Novartis has secured approval in the US for Isturisa (osilodrostat), a new treatment for Cushing’s disease, a rare disorder in which the adrenal glands make too much of the cortisol hormone. Announcing the decision on 7 March, the Food and Drug Administration said that Isturisa is the first drug to directly address this cortisol overproduction by blocking the enzyme 11-beta-hydroxylase and preventing cortisol synthesis.
A drug previously approved to treat idiopathic pulmonary fibrosis, Ofev (nintedanib), has received a new indication in the US – to treat patients with chronic fibrosing interstitial lung diseases. Announcing the decision on 9 March, the Food and Drug Administration said it was the first treatment authorised for this group of fibrosing lung diseases which worsen over time. Ofev was developed by Boehringer Ingelheim GmbH.
A new antibiotic capable of treating infections from aerobic Gram-negative bacteria has been given a positive opinion by the European Medicines Agency. Fetcroja (cefiderocol) was shown to be effective in complicated urinary tract infections, nosocomial pneumonia and in critically ill patients with confirmed carbapenem-resistant infections. It was developed by Shionogi & Co Ltd in Japan and approved by the US Food and Drug Administration in November 2019. Once the EMA positive opinion is confirmed by the European Commission, the drug will be available to health authorities in Europe.
Public health and border control officials at the European Commission currently believe that the risk of imminent transmission of the COVID-19 coronavirus across the EU is low to moderate – even as the virus continues to infect increasing numbers of people in Italy.
According to the BBC, the number of cases in Italy reached 400 on 26 February, up by 25% in just 24 hours.

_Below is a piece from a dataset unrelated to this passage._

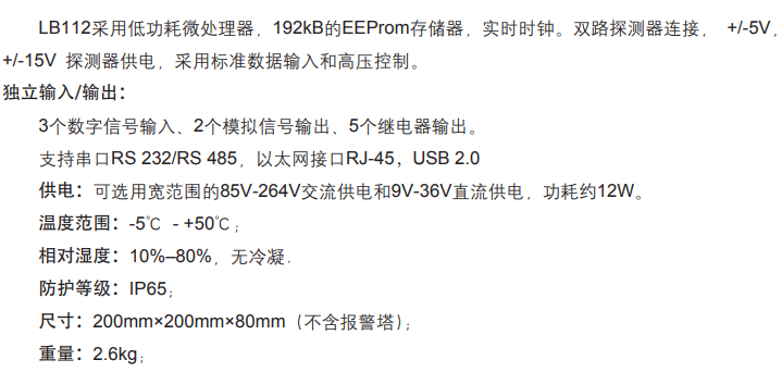 LB112為支持單/雙路獨(dú)立探測器或高/低劑量率同時(shí)測量的監(jiān)測系統(tǒng),軟鍵控制菜單、界面友好易操作。供電可選用85V-264V交流供電和9V-36V直流供電,多達(dá)4000個(gè)數(shù)據(jù)存儲(chǔ)點(diǎn)可通過兩個(gè)接口傳輸至外界PC,內(nèi)置RS485串口,支持RJ-45以太網(wǎng)接口和USB接口。
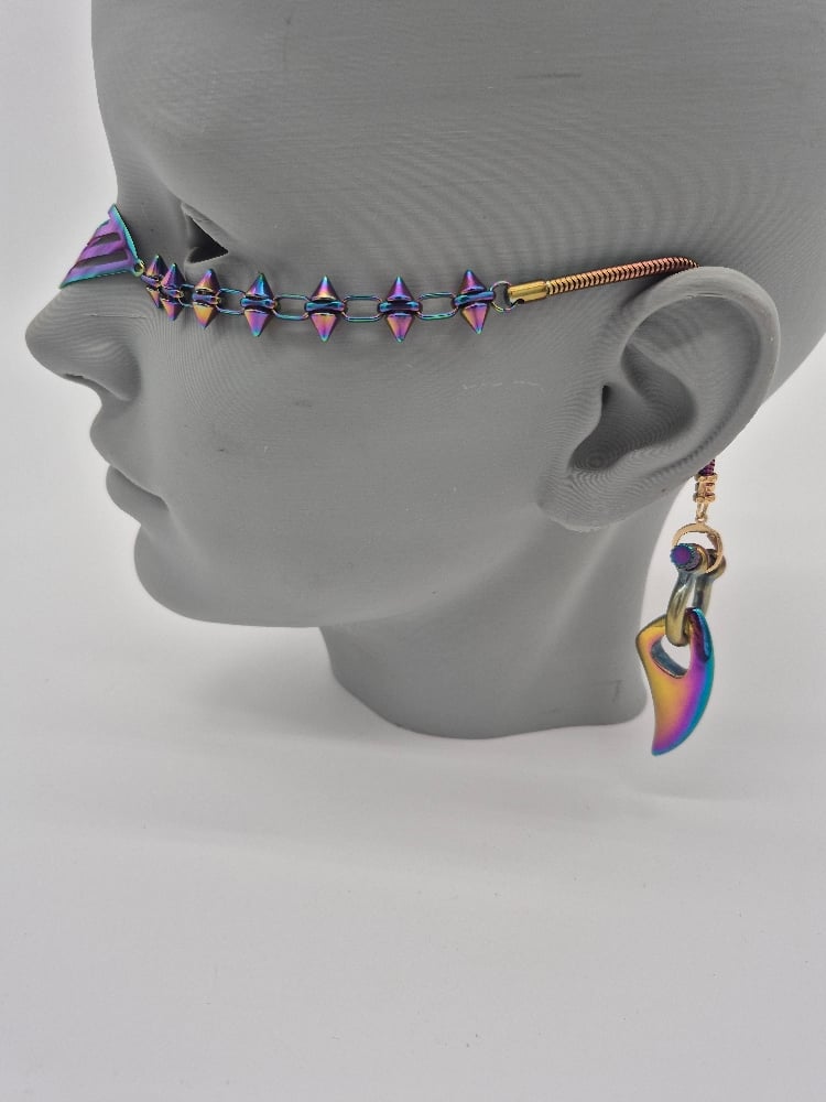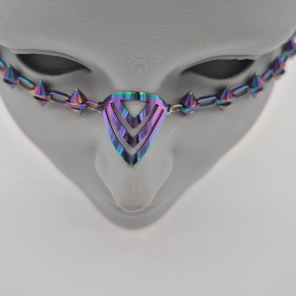 Fae vibes but make it lethal. This high-polish rainbow titanium facechain is giving full celestial boss energy — spiked out and radiant in every light. Designed to enchant and intimidate.

To date, there have been 12 fatalities.
The Type 2 diabetes medicine Trulicity (dulaglutide) has been approved in the US to treat adults with diabetes who have cardiovascular disease or are at risk of the disease. The makes Trulicity, first approved in 2014, the only Type 2 diabetes medicine that can also be used to reduce the risk of major adverse cardiovascular events.
The US Food and Drug Administration has stepped up its oversight of certain pharmacogenetic tests that make claims for treatments that are not supported by sound science. In an announcement on 20 February, the agency said that it was introducing a new table on the internet giving a list of gene-drug interactions that are based on scientific evidence. This can be viewed at https://www.fda.gov/medical-devices/precision-medicine/table-pharmacogenetic-associations.
A new intravenous treatment for the prevention of migraine has been approved by the US Food and Drug Administration on the basis of trial data showing that patients had a sustained reduction in their disease episodes for a period of months after receiving the drug. The treatment, Vyepti (eptinezumab), is a monoclonal antibody that binds to the human calcitonin gene-related peptide with the result that migraine attacks are reduced. It was developed by Alder BioPharmaceuticals Inc, a company that was acquired by H. Lundbeck A/S of Denmark in 2019.
The first gene therapy for haemophilia to be submitted for regulatory review, valoctocogene roxaparvovec, has been given ‘priority review’status by the US Food and Drug Administration. Developed by BioMarin Pharmaceutical Inc, the therapy will be assessed for safety and efficacy for the treatment of patients with haemophilia A. Haemophilia A is the more prevalent of the two disease types, haemophilia A and B. Under a priority review, the FDA aims to issue a decision on marketing in six months rather than the usual 10, which means the outcome of the review should be known by 21 August.
New confirmed cases of infections from the coronavirus in China, also known as COVID-19, are “generally in decline,” China’s ambassador to the EU, Zhang Ming, told journalists on Tuesday. The ambassador was speaking at a meeting in Brussels, organised by the think tank EU-Asia. Topics included EU-China trade relations, but the virus epidemic dominated the conversation. Mr Ming was at pains to detail China’s efforts to contain the epidemic and predicted that the contagion would soon be overcome.
The US Food and Drug Administration has issued new guidance for developers of gene therapies highlighting both the complexity of manufacture as well as the difficulty in establishing duration of response in clinical trials.
In six final guidances, the agency addresses these issues as well as the application of orphan drug regulations to gene therapy. Orphan drug eligibility is an issue because many gene therapies are being developed for rare diseases where the patient populations are small.